Hi, Ray team. Have a question.

We are doing a hyperparameter tuning job per ray cluster in k8s. Currently, we want to launch a raycluster in k8s and then launch a k8s job to submit job to the raycluster and then uninstall the raycluster in k8s cluster after ray.tune.run() is done.

Regarding how to interact with raycluster from inside a k8s job, I found out that there are two ways:

  1. In the code, use ray.init(address=head-node-ip:10001). Then do python my_ray_tune_script.py in the pod. Then it will do the ray.tune.run() in the remote raycluster.

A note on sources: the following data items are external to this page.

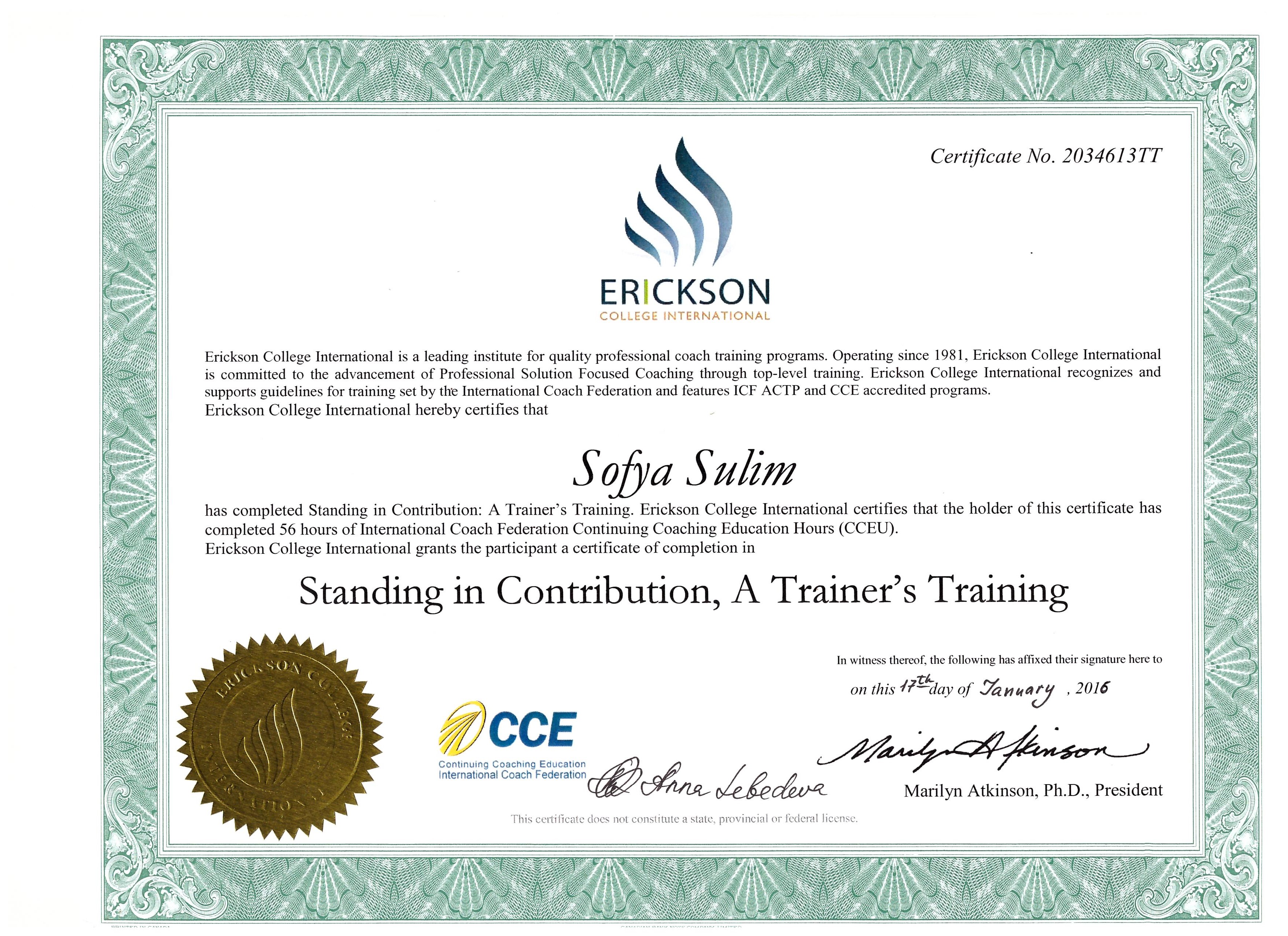- «Тренинг для тренеров». Международный Эриксоновский Университет коучинга, Москва. Международный сертификат.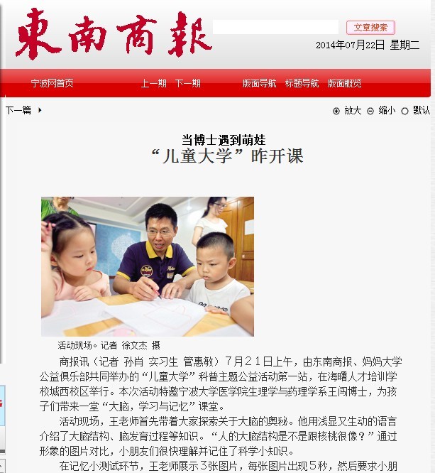 近日,由医澳门六合彩-澳门六全彩开奖网 团委和东南商报社联合开展的“儿童大学”暑期社会实践活动拉开序幕。来自医澳门六合彩-澳门六全彩开奖网 的实践队员们围绕生活中的医学知识,结合儿童认知特点,带领孩子们进行“你画我猜“等科普游戏,激发科学兴趣,增长科学知识,在游戏中帮助少年儿童获得启发和快乐。活动特别邀请了医澳门六合彩-澳门六全彩开奖网 生理与药理学系王闯博士,就“大脑:学习与记忆”的主题,面向孩子与家长们进行通俗有趣的讲解,一起探索大脑的奥秘,得到了现场大朋友小朋友的热烈响应。该活动得到了东南商报的详细报道。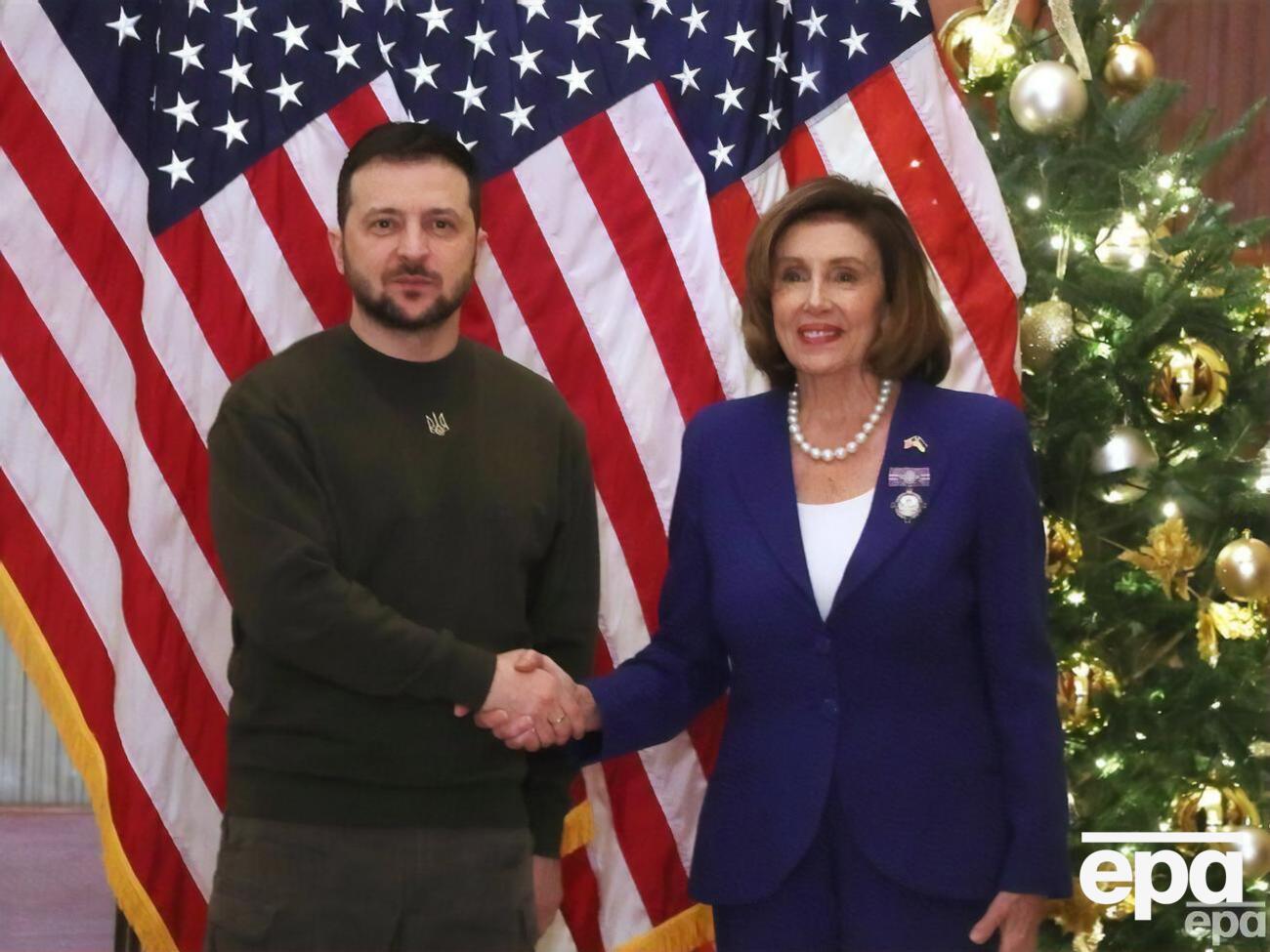 Президент Украины Владимир Зеленский в конце выступления в Конгрессе США в ночь на 22 декабря по Киеву вручил боевой флаг Украины спикеру Палаты представителей США Нэнси Пелоси. Во время вручения флага они поцеловали друг друга в щеки.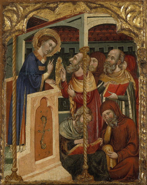 Sant Esteve i els jueus a la sinagoga. Segle XIV. Predel·la del retaule de Sant Esteve. Cercle d'Arnau Bassa. Museu Nacional d'Art de Catalunya - (Ampliar)

    • However, I noticed that only the ray.tune.run() part is on raycluster, other parts of the code are still run inside the k8s job pod. (e.g. If I saved a file, it will be saved in the pod which I run python xxxx.py). Is it possible to have everything running inside the remote raycluster?
  2. Use the ray job submit from inside a k8s job.
    Based on Deploying on Kubernetes — Ray 1.13.0, it is only recommended to be used from a local machine? Is my understanding correct?

Which way do you recommend? Or if there is a better way?

I’d recommend using ray job submit from inside the k8s job, which is your 2nd option. The docs you link to show how to run it from your local machine for development, but it is perfectly fine to run it from inside the k8s job.

Otherwise (with option 1), you need to carefully craft your code so that everything runs on the Ray cluster by putting it into tasks. It’s simpler to run the script on the head node via ray job submit.

1 Like

Ray Job submission from a K8s job, followed by cluster teardown is a perfectly natural pattern.

Speaking of KubeRay, we’re working on supporting exactly this pattern with a “K8s-native” (declarative, custom-resource-based) interface.
The draft PR is here!

1 Like

Thanks. Do you know when this rayJob helm chart will be available for users to try out?

I’m not sure. @harryge00 @simon-mo might have a better sense of the timeline :slight_smile: